As of 2016, 76% of Canadians owned a smart device and many individuals and businesses depend on high-speed, reliable internet access in order to function on a daily basis, including: productivity, communication and purchasing.
Recognizing that a fast, reliable internet is essential for Canadians to participate in the digital economy, the CRTC has set up a fund with the goal that 90% of Canadian homes and businesses will have access to broadband speeds of at least 50 Mbps for downloads and 10 Mbps for uploads by the end of 2021.
Part of this fund involves the installation of fibre optic (FTTN and FTTH) and cable internet networks. What is the difference between these network types and if given the choice, which is the best option for you? In this article, we explain the meaning of these acronyms and breakdown their features.
What is FTTN?
FTTN stands for “fibre to the Node” or “fibre to the Neighborhood”. With FTTN, the internet service provider runs a line of fibre optic cable to a node in your area.

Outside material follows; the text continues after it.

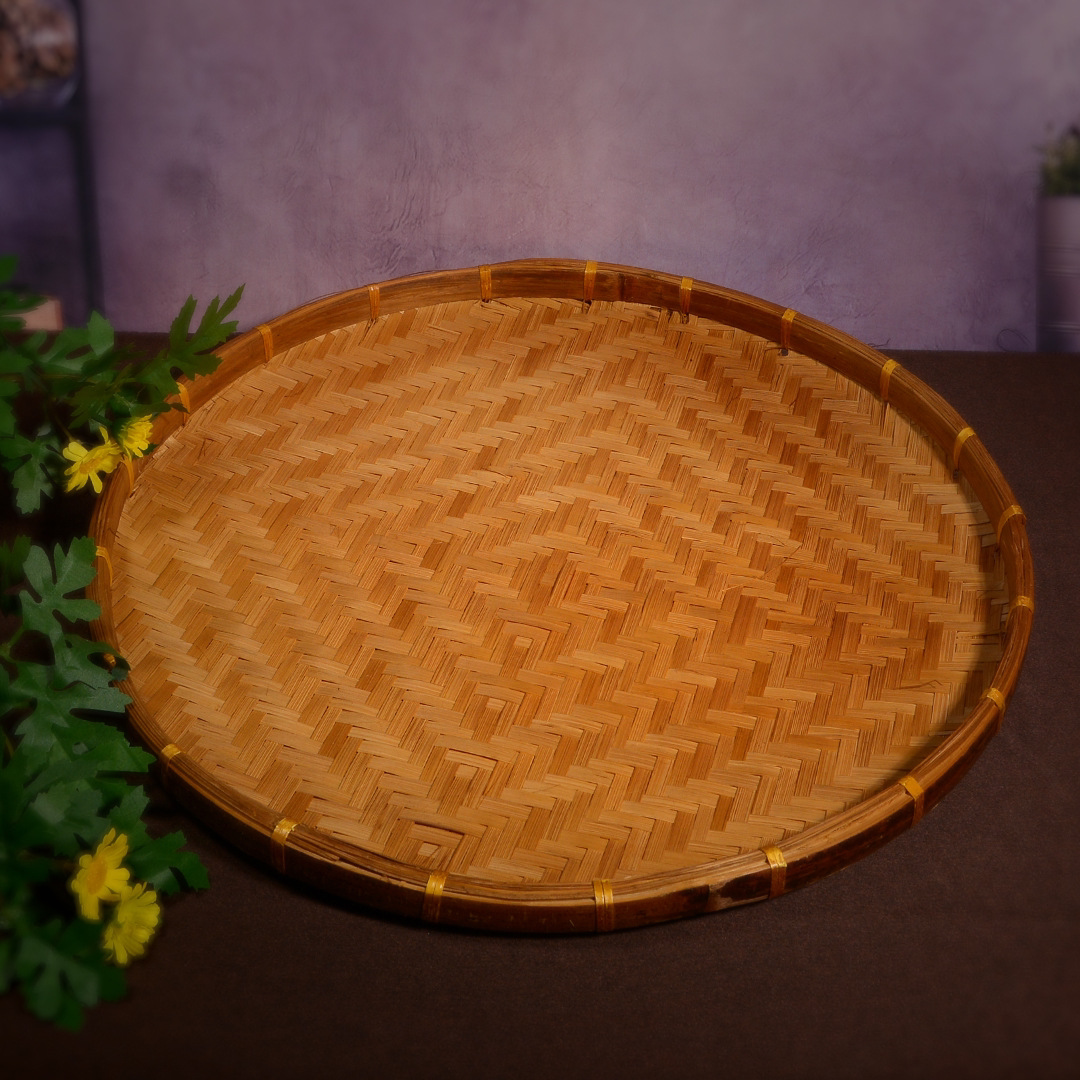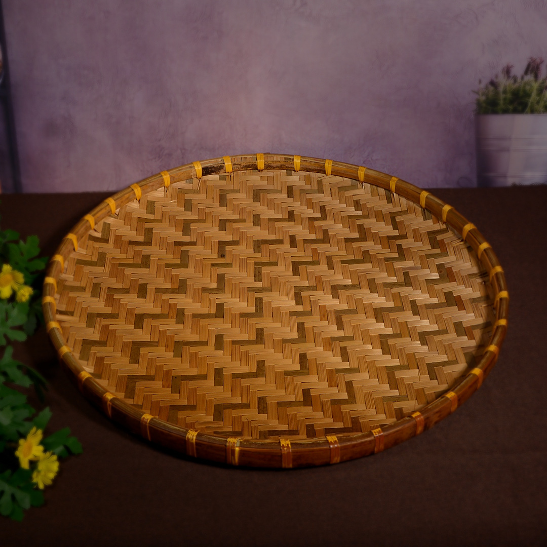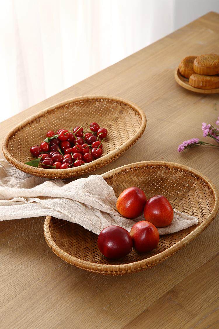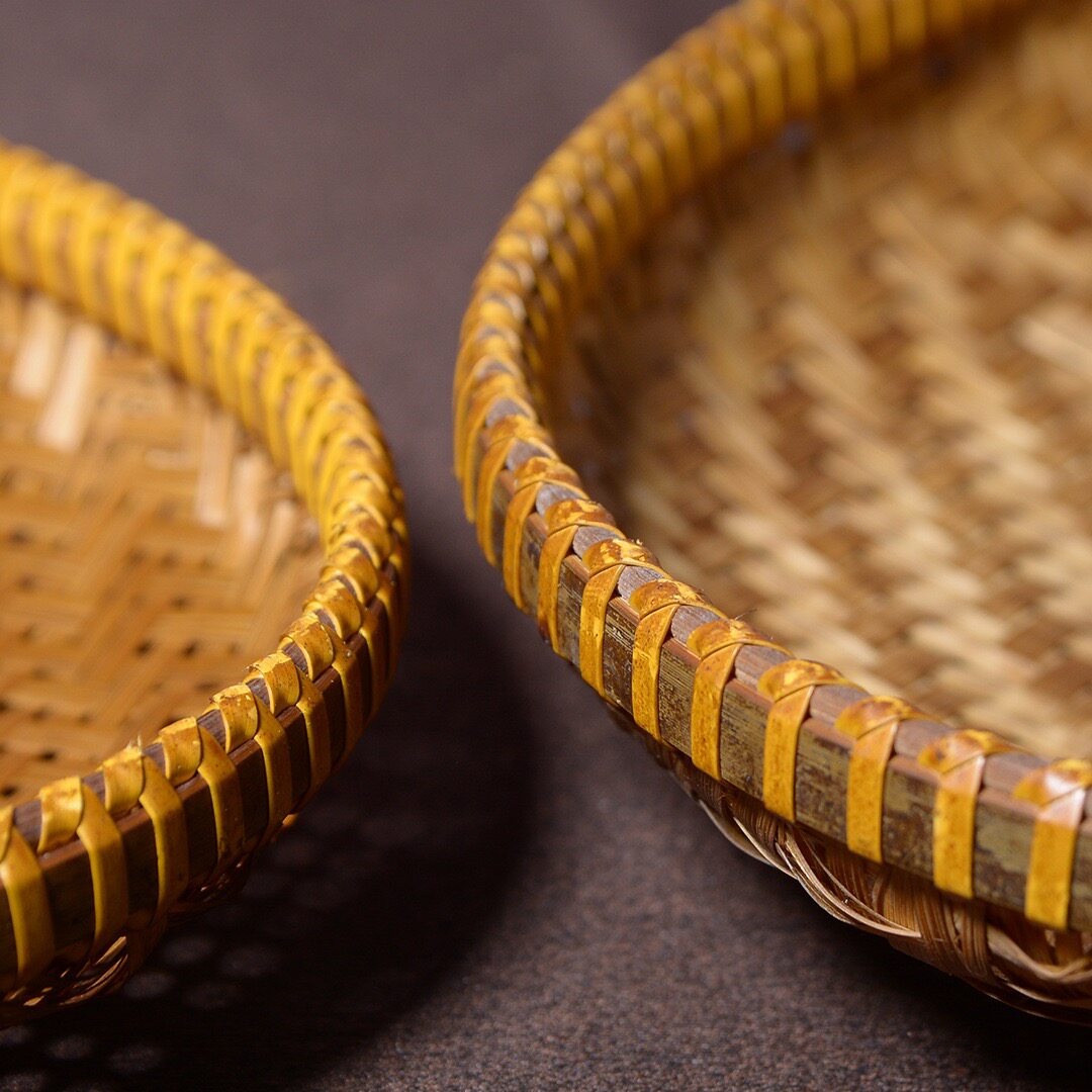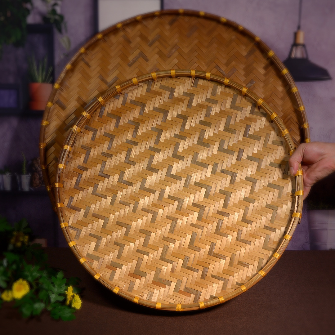 Hand-woven smoked natural bamboo perforated round steamed bun storage basket for drying round dustpan fruit basket basket sieve

From there, the “last mile” of the connection to your home uses the existing, slower copper coaxial cables.
- Compared to FTTH, FTTN is more cost-effective as the cost of installation is shared amongst other customers in your area that share the same node.
- Sets the stage for future upgrade of “last mile” fibre optics to homes from the node
- Users can access the internet if they are within 1 mile of the installation point.
- Easy to diagnose and repair if any form of damage occurs.
- The “last mile” of copper cable acts as the bottle neck and throttles speeds.
- The speed to price ratio of FTTN is poor.
- Speeds are comparable to cable internet.
- Data rate is determined by the customer’s proximity to the node.
What is FTTH?
Also known as FTTP (Fibre to the Premises) and FTTB (Fibre to the Building), FTTH stands for “Fibre to the Home”. With FTTH, the internet service provider runs the fibre optic cable to a node in your area as well as straight to your home. With the cable line being run directly to your property, there is no need to use copper cables or telephone wires.
- Fibre optic cable is able to provide “Gigabit” internet with speeds of 1 Gbps (1,000 Mbps).
- Internet connection isn’t affected by weather conditions.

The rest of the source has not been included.